Look below for the line containing "今日、学習発表会でかぶる魚のお面作りをしました。". Write out that line and the rest through the last one, exactly as they appear, but without pictures.

**Records from a dataset:**

=== Section Start ===

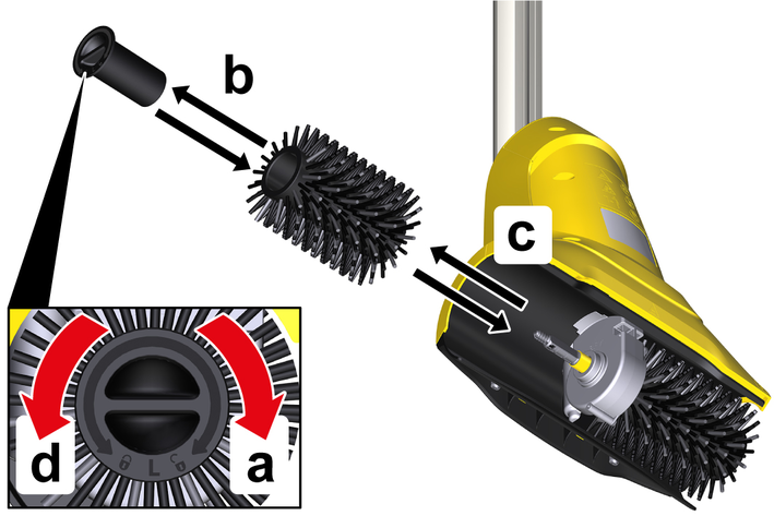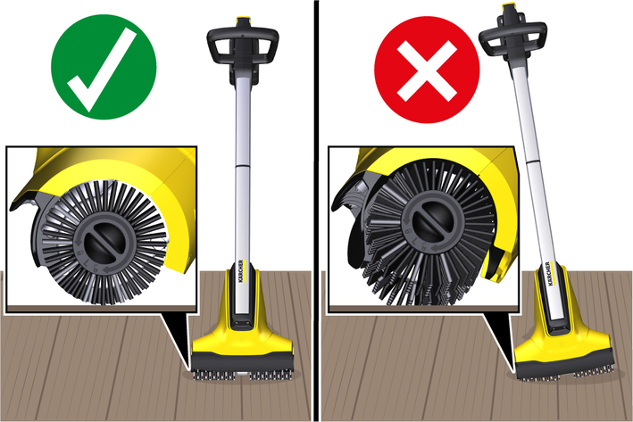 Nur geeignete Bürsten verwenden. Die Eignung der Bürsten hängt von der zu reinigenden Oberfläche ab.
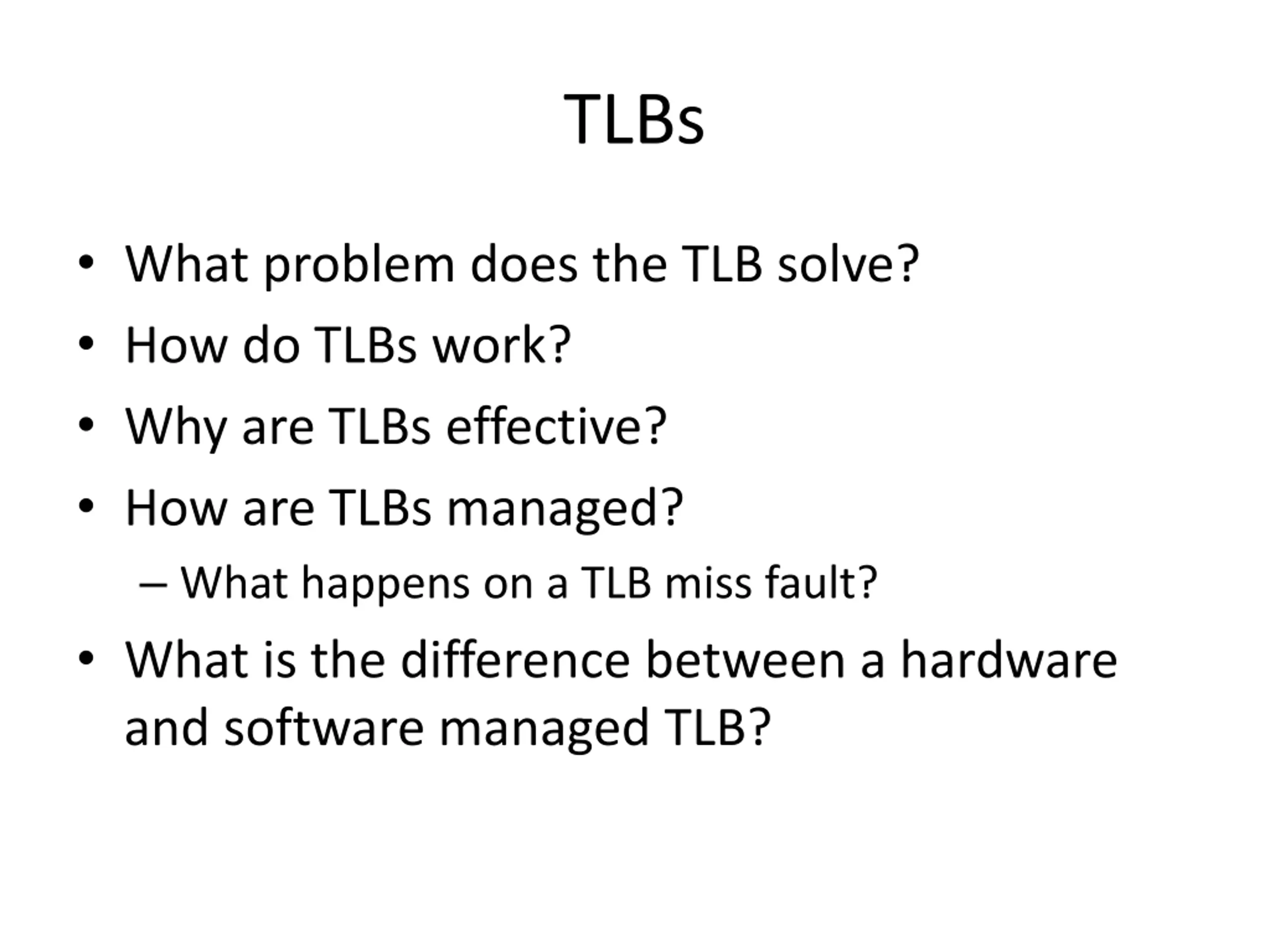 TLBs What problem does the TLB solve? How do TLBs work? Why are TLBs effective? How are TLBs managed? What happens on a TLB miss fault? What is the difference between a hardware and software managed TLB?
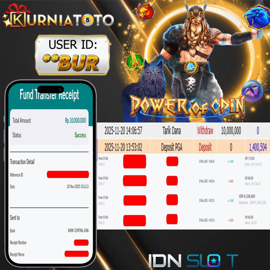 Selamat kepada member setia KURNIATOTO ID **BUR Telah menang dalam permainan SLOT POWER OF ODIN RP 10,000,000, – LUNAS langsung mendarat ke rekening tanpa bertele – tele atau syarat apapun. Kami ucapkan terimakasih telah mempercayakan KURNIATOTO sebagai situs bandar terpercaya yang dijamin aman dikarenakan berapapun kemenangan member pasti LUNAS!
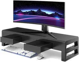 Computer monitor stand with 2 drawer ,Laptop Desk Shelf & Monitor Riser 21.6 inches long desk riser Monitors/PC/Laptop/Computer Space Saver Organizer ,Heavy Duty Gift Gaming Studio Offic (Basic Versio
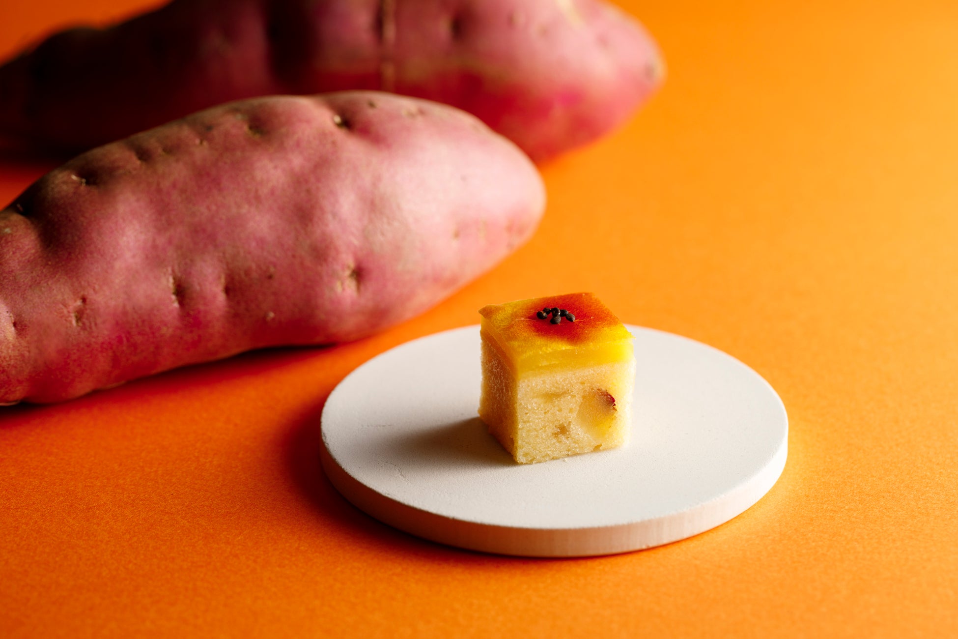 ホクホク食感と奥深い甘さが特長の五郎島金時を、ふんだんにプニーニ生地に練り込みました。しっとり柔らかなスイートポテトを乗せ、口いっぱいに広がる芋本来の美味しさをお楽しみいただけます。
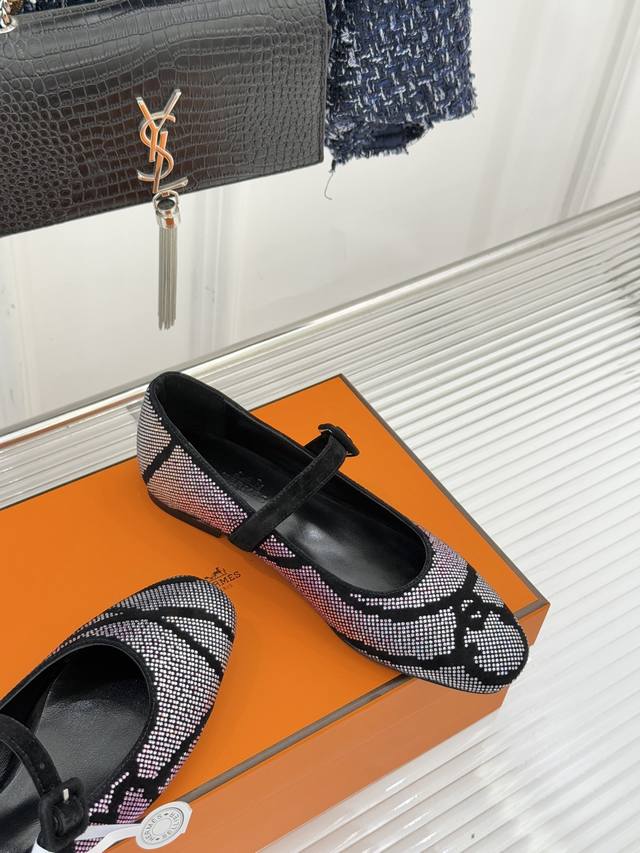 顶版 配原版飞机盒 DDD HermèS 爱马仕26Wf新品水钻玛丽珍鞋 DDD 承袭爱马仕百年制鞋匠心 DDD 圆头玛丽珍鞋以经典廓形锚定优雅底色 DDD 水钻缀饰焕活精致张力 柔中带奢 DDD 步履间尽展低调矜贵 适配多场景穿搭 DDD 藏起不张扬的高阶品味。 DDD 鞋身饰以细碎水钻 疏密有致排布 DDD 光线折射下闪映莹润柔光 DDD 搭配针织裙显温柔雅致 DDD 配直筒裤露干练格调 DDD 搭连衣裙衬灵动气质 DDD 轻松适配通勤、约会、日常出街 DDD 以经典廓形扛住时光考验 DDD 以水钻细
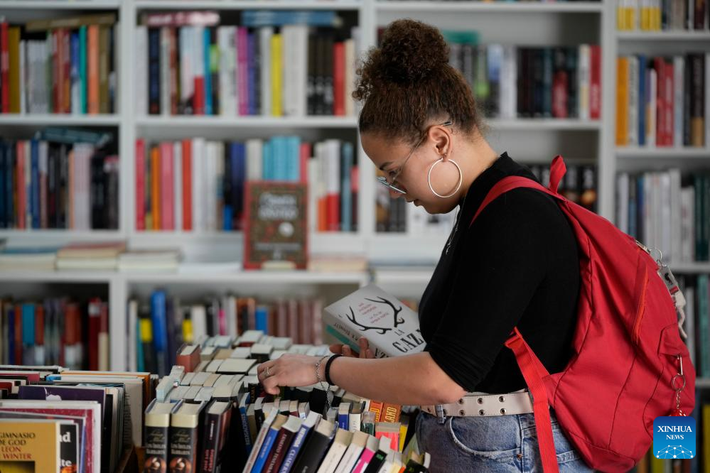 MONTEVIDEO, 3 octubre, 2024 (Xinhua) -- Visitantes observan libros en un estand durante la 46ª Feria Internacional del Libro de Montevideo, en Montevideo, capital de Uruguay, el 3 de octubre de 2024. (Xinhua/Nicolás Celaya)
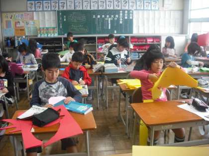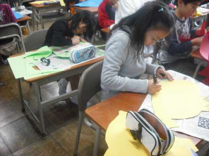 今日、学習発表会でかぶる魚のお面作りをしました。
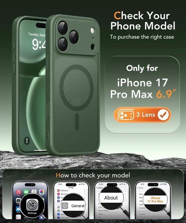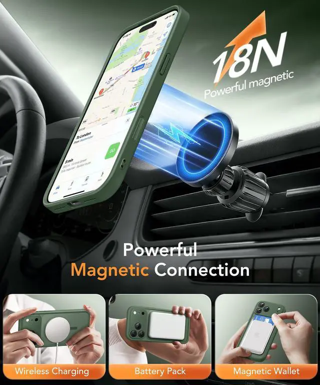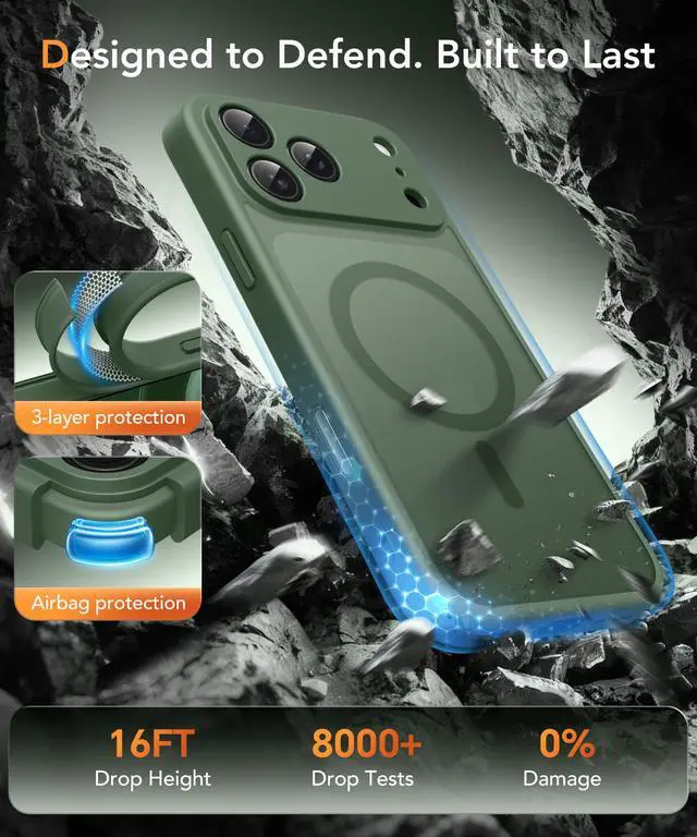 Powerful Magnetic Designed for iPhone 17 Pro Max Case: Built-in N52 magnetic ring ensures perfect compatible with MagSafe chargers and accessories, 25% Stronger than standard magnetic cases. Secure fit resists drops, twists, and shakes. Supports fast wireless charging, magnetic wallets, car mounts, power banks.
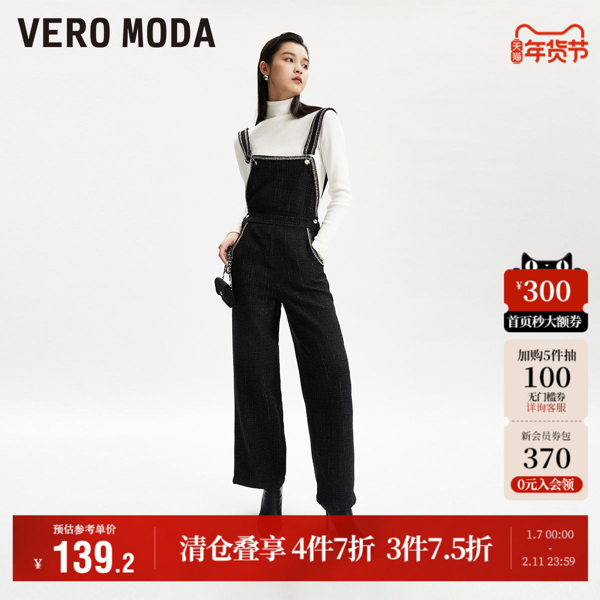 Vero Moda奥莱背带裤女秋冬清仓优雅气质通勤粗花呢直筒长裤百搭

=== Section End ===

**Reply:**
 今日、学習発表会でかぶる魚のお面作りをしました。
 Powerful Magnetic Designed for iPhone 17 Pro Max Case: Built-in N52 magnetic ring ensures perfect compatible with MagSafe chargers and accessories, 25% Stronger than standard magnetic cases. Secure fit resists drops, twists, and shakes. Supports fast wireless charging, magnetic wallets, car mounts, power banks.
 Vero Moda奥莱背带裤女秋冬清仓优雅气质通勤粗花呢直筒长裤百搭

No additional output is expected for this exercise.